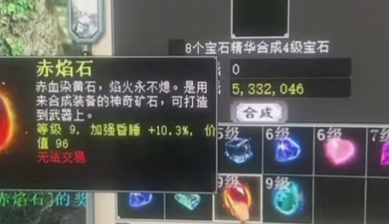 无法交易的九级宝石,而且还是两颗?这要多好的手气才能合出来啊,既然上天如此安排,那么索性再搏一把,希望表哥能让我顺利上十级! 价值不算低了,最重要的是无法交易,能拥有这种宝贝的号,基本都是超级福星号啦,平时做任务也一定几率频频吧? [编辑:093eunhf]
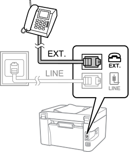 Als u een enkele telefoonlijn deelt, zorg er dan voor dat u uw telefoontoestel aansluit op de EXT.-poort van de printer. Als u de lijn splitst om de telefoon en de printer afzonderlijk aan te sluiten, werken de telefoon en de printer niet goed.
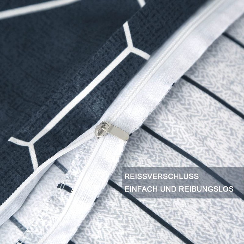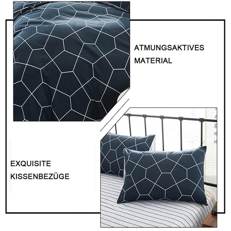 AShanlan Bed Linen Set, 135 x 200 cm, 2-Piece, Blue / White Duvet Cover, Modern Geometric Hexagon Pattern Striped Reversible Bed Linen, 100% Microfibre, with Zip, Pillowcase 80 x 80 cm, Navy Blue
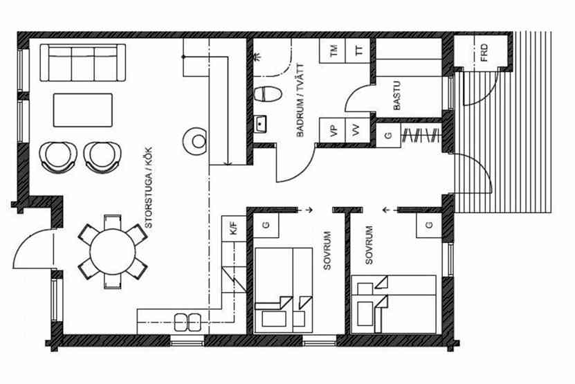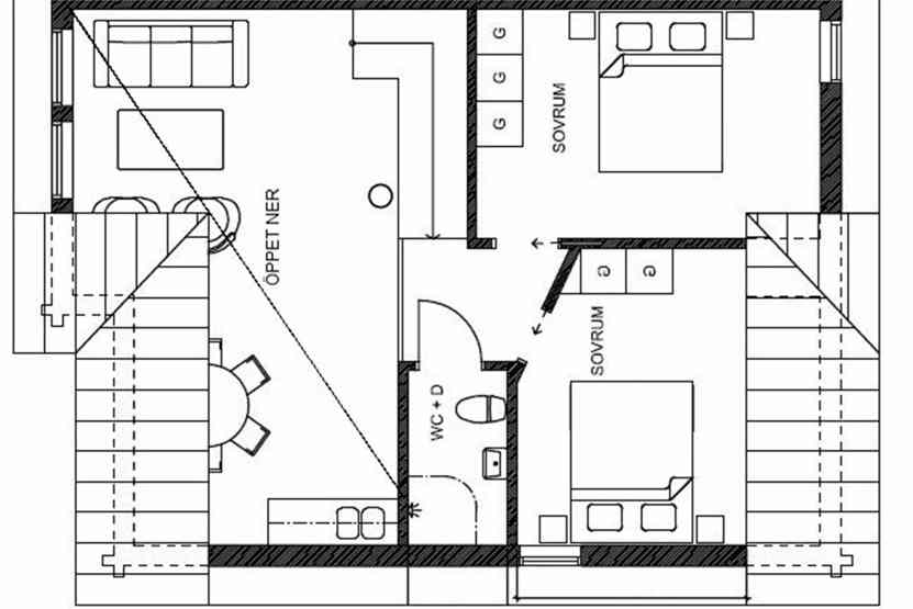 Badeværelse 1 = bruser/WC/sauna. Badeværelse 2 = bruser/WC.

━━━━━━━━

When you repeat the data, keep it exact and drop every picture.

Reply to the exercise
 无法交易的九级宝石,而且还是两颗?这要多好的手气才能合出来啊,既然上天如此安排,那么索性再搏一把,希望表哥能让我顺利上十级! 价值不算低了,最重要的是无法交易,能拥有这种宝贝的号,基本都是超级福星号啦,平时做任务也一定几率频频吧? [编辑:093eunhf]
 Als u een enkele telefoonlijn deelt, zorg er dan voor dat u uw telefoontoestel aansluit op de EXT.-poort van de printer. Als u de lijn splitst om de telefoon en de printer afzonderlijk aan te sluiten, werken de telefoon en de printer niet goed.
 AShanlan Bed Linen Set, 135 x 200 cm, 2-Piece, Blue / White Duvet Cover, Modern Geometric Hexagon Pattern Striped Reversible Bed Linen, 100% Microfibre, with Zip, Pillowcase 80 x 80 cm, Navy Blue
 Badeværelse 1 = bruser/WC/sauna. Badeværelse 2 = bruser/WC.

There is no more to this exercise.